Art of the Ancient Americas:
Paccha (Ritual Watering Vessel) South America, Central Andes, Inca. Late Horizon, A.D. 1438 - 1550. Ceramic, 13 1/2 x 5 1/8 x 3 1/2 in. (33.8 x 12.8 x 8.8 cm). Gift of William C. and Carol W. Thibadeau. 1989.8.161 One of the rarest objects in the collections, this Central Andean ritual watering vessel is called a paccha in Quechua, the Inca language. Although it appears to be created from various materials, it was made entirely in clay to imitate several objects. These were placed together symbolically to encapsulate the stages of growing maize (corn), the most important foodstuff in the Inca empire.

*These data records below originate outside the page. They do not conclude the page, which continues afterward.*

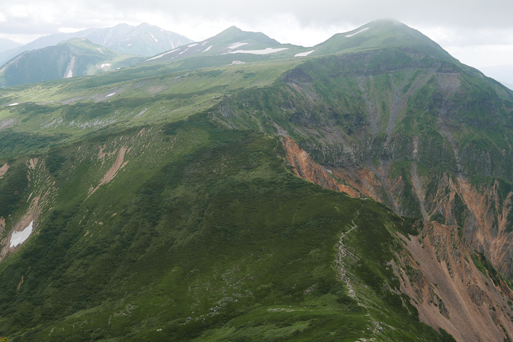 赤茶けて草木のない荒涼としたカルデラに対し、中ノ谷は緑に覆われ、遅くまで雪渓が残ります。
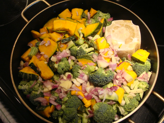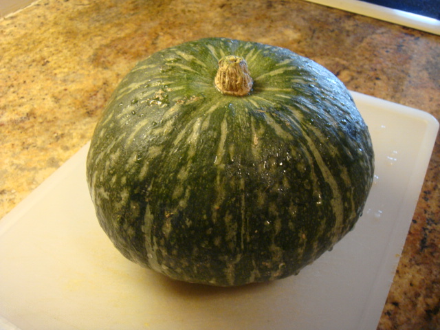 Last month, Pete introduced me to Kabocha, a Japanese squash. I’ve never really been a squash person and have never cooked it before, but I thought I would give it a try. Pete never mentioned that I would need a sledge hammer to cut this bugger up.
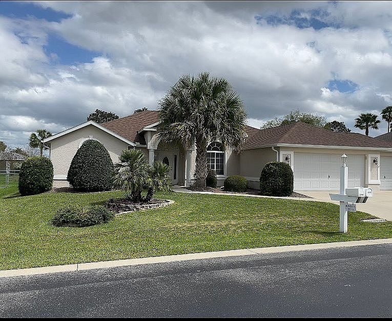 2BD/2BA house. The front door invites you into a large living room with vaulted ceilings and a wonderful view of the dining room and very spacious Florida room. The kitchen has brand new stainless LG appliances and raised panel cabinets. There is an island to work and sit at and a large pantry. Master bedroom has room for a king sized bed, night stands and other furniture. There are 2 walk-in closets. The master bath has a walk in shower, soaking tub, double sink vanity with lots of extra storage. Large family room/possible 3rd bedroom with tray ceiling. The extra large lanai/ Florida room has many large windows with vertical blinds. Outside there is a beautiful, large patio area. New roof in 2020. Great location: In beautiful Ocala Palms. Active 55+, 24/7 manned, gated community with golf course, on site restaurant, indoor and outdoor pools, hot tub, exercise room, library, large activities center, and tennis courts. Publix, Walgreens, McDonalds, a variety of banks, fast food and various restaurants nearby.
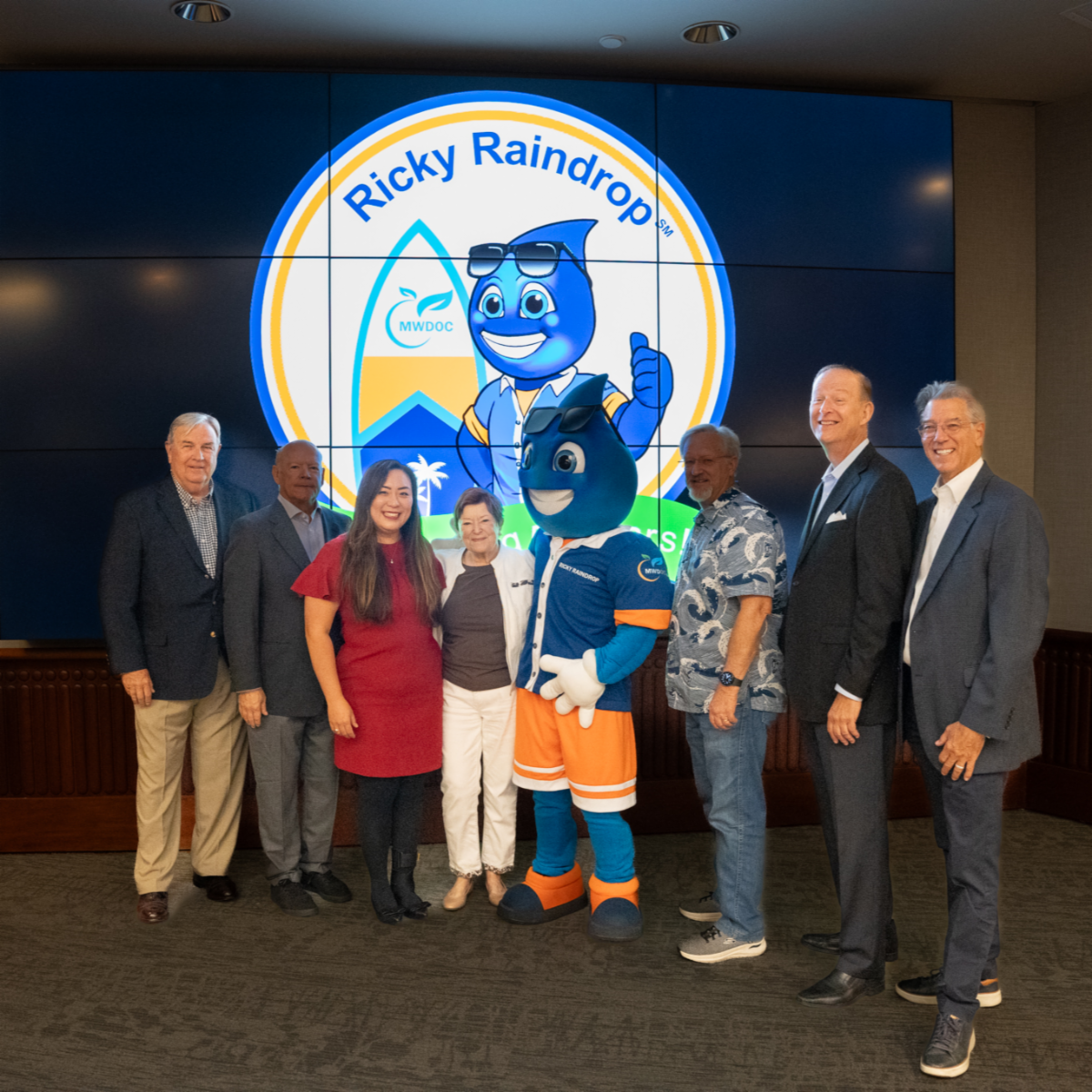 MWDOC celebrated the 50th anniversary of its beloved mascot, Ricky the Rambunctious RaindropSM, with a special ceremony at its headquarters! The celebration showcased the introduction of Ricky's new appearance, personal accounts of his impact on water education and the community, and the presentation of legislative certificates commemorating this significant milestone.

The hooked and pointed portion represents the traditional Andean man's foot plow, known as a chakitaqlla, used to punch a hole in the soil for planting. A planter holds the long portion upright (the actual one has a much longer shaft) and steps on the hook. The artist has even modeled and painted the rope that binds the two parts of an actual plow. Atop the shaft is a half-grown ear of corn molded directly from nature; the smoothed side seams remain visible. Finally, above the hook is a miniature urpu, the long-necked storage jar for fermented corn drink (chicha). This final stage of corn consumption thus completes the cycle of planting, growing, and using maize products. However, Andean art is rarely - if ever - truly complete without activation through ritual. Wear on the tip of this entirely hollow object shows that it was itself "planted" in the ground so that liquid, perhaps chicha, could flow through it to "water" the field; the image of one successful planting ensures another.